Five CEE countries seek extension on Ukrainian grain ban

01 September 20232 min reading

Five Central and Eastern European countries, led by Poland, are pushing to extend the ban on Ukrainian grain imports until year's end. European Commissioner for Agriculture, Janusz Wojciechowski, further stirs the pot by backing the extension and suggesting a subsidy solution. Amid political tensions and the looming September 15 phase-out deadline, Ukraine warns of violations to its EU association agreement.

Robert Telus

Janusz Wojciechowski

Poland, Bulgaria, Hungary, Romania, and Slovakia have jointly expressed their desire to extend the ban on importing Ukrainian grain into their countries until the end of the year, according to Polish agriculture minister Robert Telus. The initial ban, set to conclude on September 15, prohibited domestic sales of Ukrainian wheat, maize, rapeseed, and sunflower seeds in these five countries, although transit of these goods for export elsewhere remained permitted.

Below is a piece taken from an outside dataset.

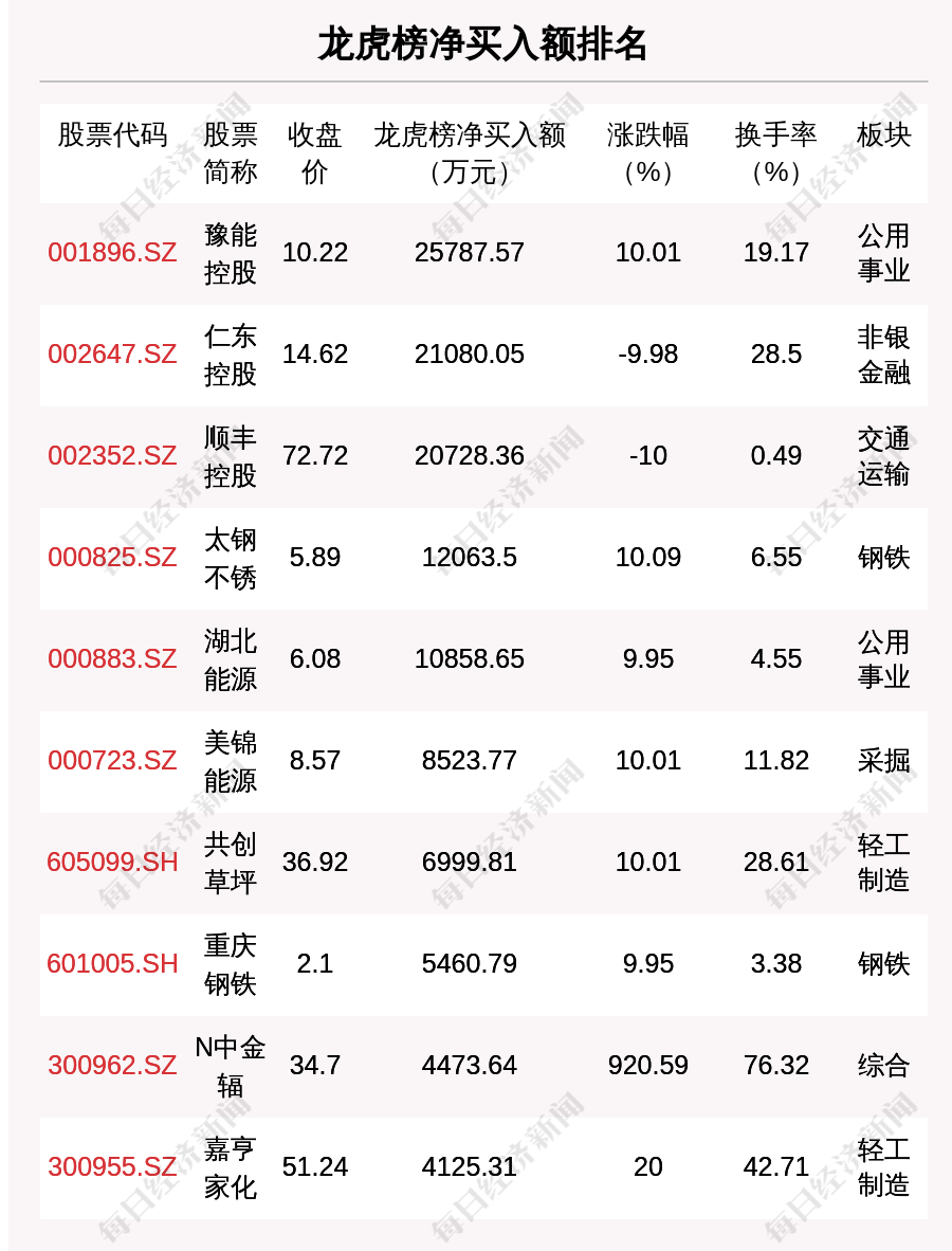 2丨整点投资 | 龙虎榜:豫能控股净买入额最多,还有27只个股被机构扫货

In a related development, Janusz Wojciechowski, the European Commissioner for Agriculture and himself a Polish citizen, voiced his opinion on the matter, advocating for the extension of the ban until year's end. During a European Parliament hearing, he noted the adverse impact on the EU market due to these restrictions. He observed that the bulk of Ukrainian grain imports ended up in other EU countries, including Spain, the Netherlands, and Italy, rather than reaching non-EU nations where transit costs make shipments uneconomical.

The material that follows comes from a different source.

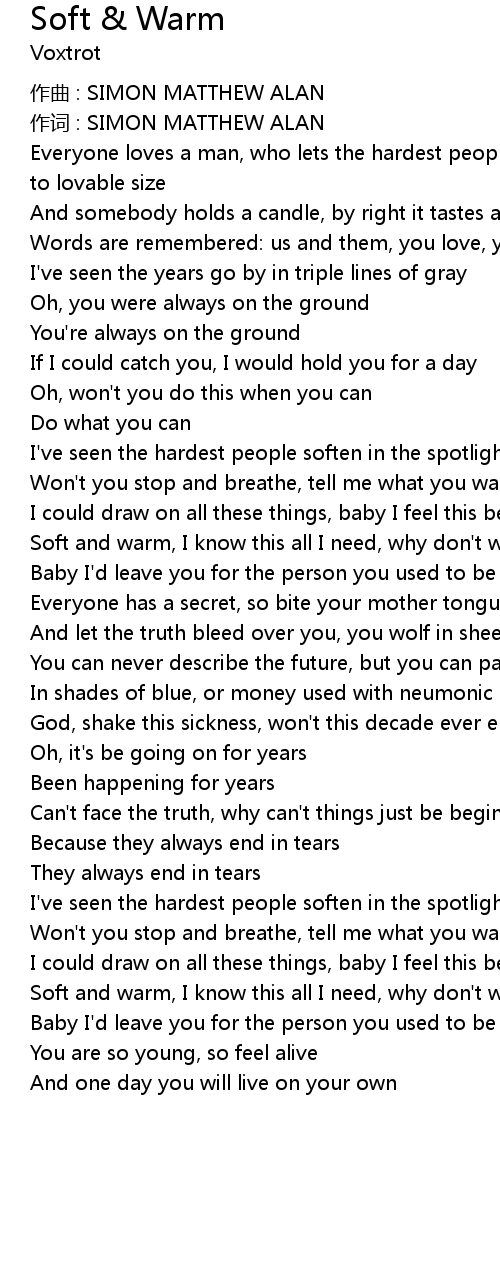 | Soft and warm, I know this all I need, why don' t we learn to grieve | |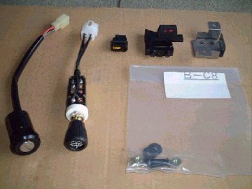 ![]() ↑左からイグニッションスイッチ、ワイパースイッチ、 スタータースイッチ、ハザードスイッチ、ハザードスイッチカバー |

Wojciechowski proposed a solution of subsidies, ranging from €20 to €30 per ton of grain, to assist Ukrainian companies in transporting their cargo to EU ports for global sales. The initiative, expected to cost €600 million from the EU budget, aims to facilitate the shipping of 20 million tons until year-end. However, this proposal is Wojciechowski's personal stance, and a European Commission spokesperson was quick to emphasize that the official position remains to phase out the bans by September 15.

This debate has deep political implications. In Poland, for instance, this issue is pivotal ahead of the upcoming general elections, given its importance to the rural electorate. For Ukraine, the conversation around extending the ban has stirred strong reactions, with Dmytro Kuleba, Ukraine's foreign affairs minister, warning against actions that would breach the Ukraine-EU association agreement.